WORK TO COMPLETE ::
Below is a listing with pictures in it; transcribe exactly the lines from the one that has "We left the" through the one that has "7대의 SJ_SMOKE_RS485 RS-485 멀티드롭 실험 구성", and omit those pictures.

AVAILABLE RECORDS ::

------------------------------------------------------------------------

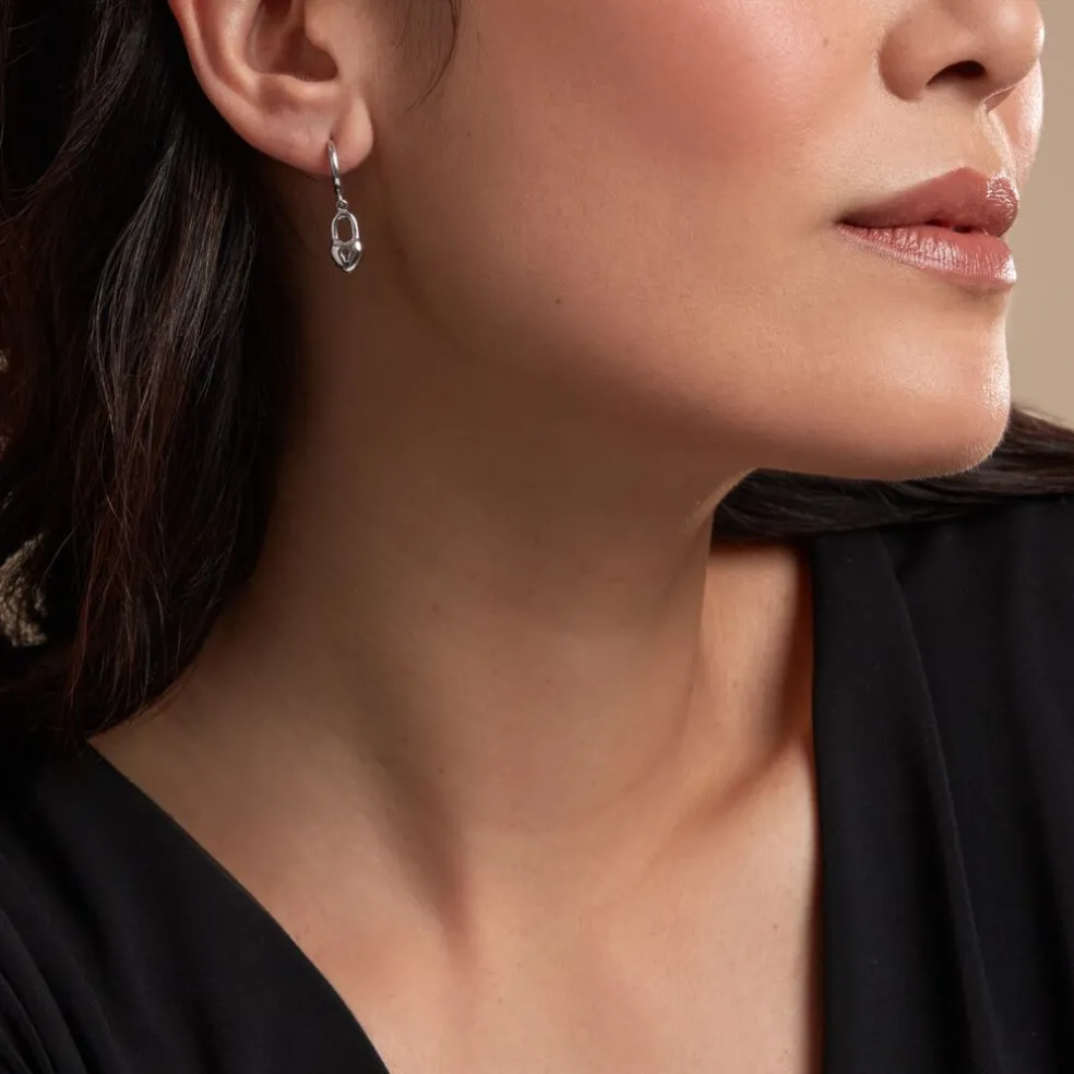 Creoles Argent Blanc 925/1000 Pampilles C艙urs Cadenas Diamère 11mm
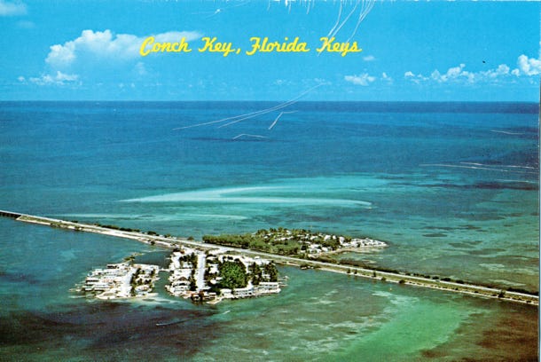 We left the trailer at the park and drove the truck down to Key West stopping at Islamorada on the Florida Keys and driving the overseas highway to the Keys. We stayed at a KOA campground on Fiesta Key, and then to the tiny island of Conch Key that stands alone along a stretch of bridges between the Florida mainland and Key West.
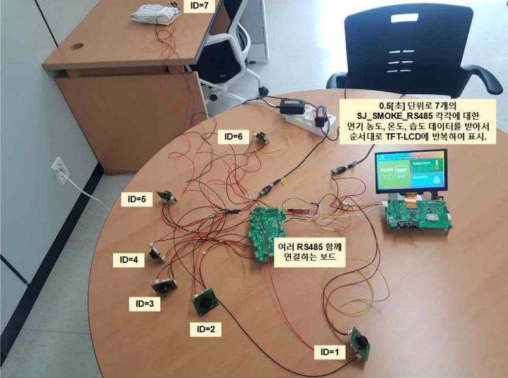 7대의 SJ_SMOKE_RS485 RS-485 멀티드롭 실험 구성
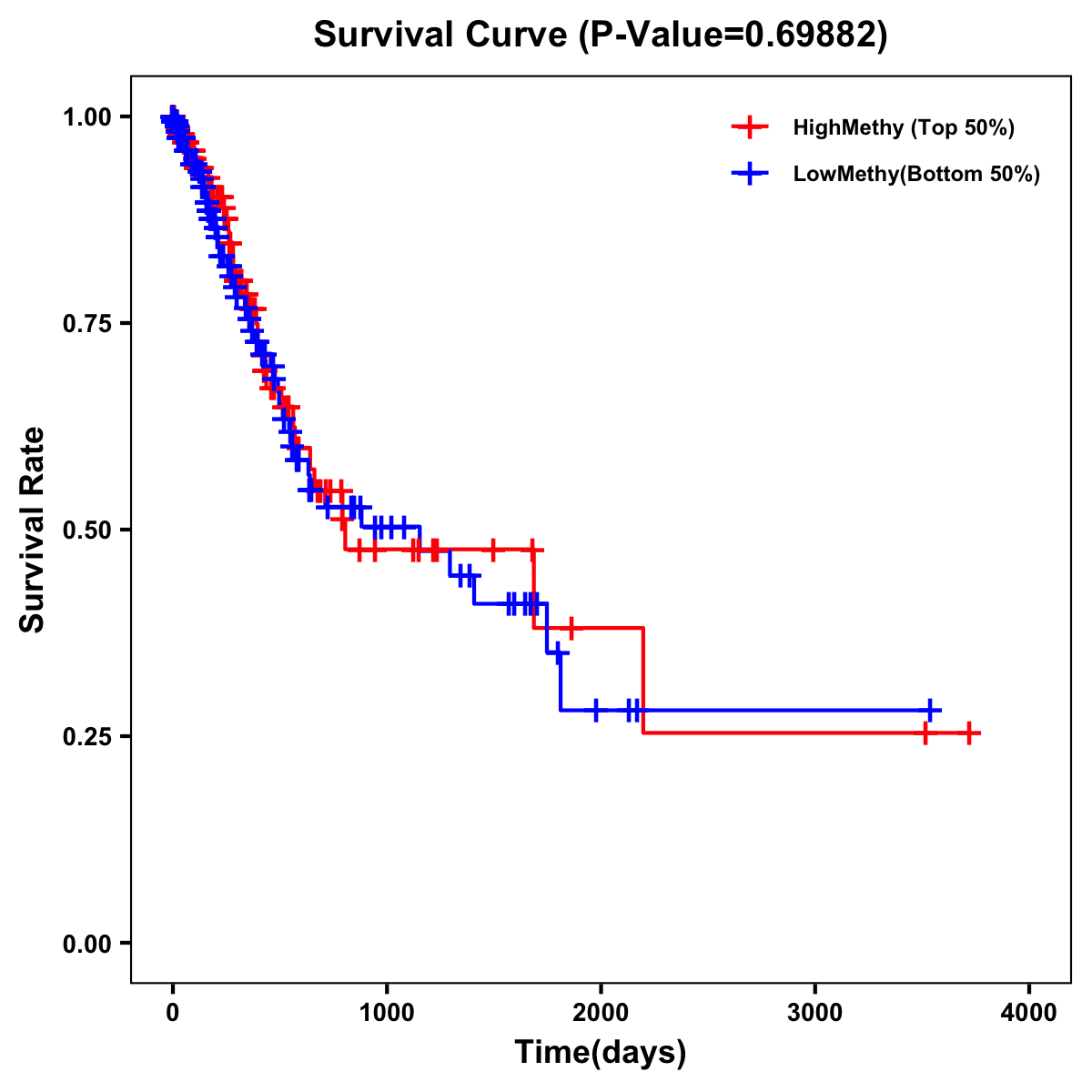 | Survival Curve of Stomach Cancer of Expression | Survival Curve of Stomach Cancer of Methylation | ||
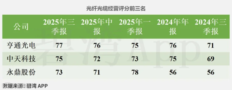 永鼎股份在2025年三季报经营评分排名为第1847名,在光纤光缆行业中排名为3名。
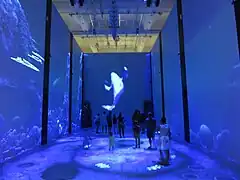 Le , l’exposition a ouvert ses portes. Menée en collaboration avec l’association internationale WildAid[22] ce sont 11 œuvres uniques créées spécifiquement pour le Musée par 10 artistes d’avant-garde chinois[23]. Chacune d’elles explore la relation complexe entre les hommes et les squales et par extension, son rapport à la nature[24]. Dans toutes les salles jusque sur la terrasse panoramique, ces installations monumentales, sculptures, peintures, interpellent le visiteur et l’invitent à dépasser certains préjugés. “On Sharks & Humanity“ souligne à travers l’art le rôle indispensable des requins dans l’écosystèmes marins et l’impact négatif de la surpêche[25].

------------------------------------------------------------------------

WRITTEN ANSWER ::
 We left the trailer at the park and drove the truck down to Key West stopping at Islamorada on the Florida Keys and driving the overseas highway to the Keys. We stayed at a KOA campground on Fiesta Key, and then to the tiny island of Conch Key that stands alone along a stretch of bridges between the Florida mainland and Key West.
 7대의 SJ_SMOKE_RS485 RS-485 멀티드롭 실험 구성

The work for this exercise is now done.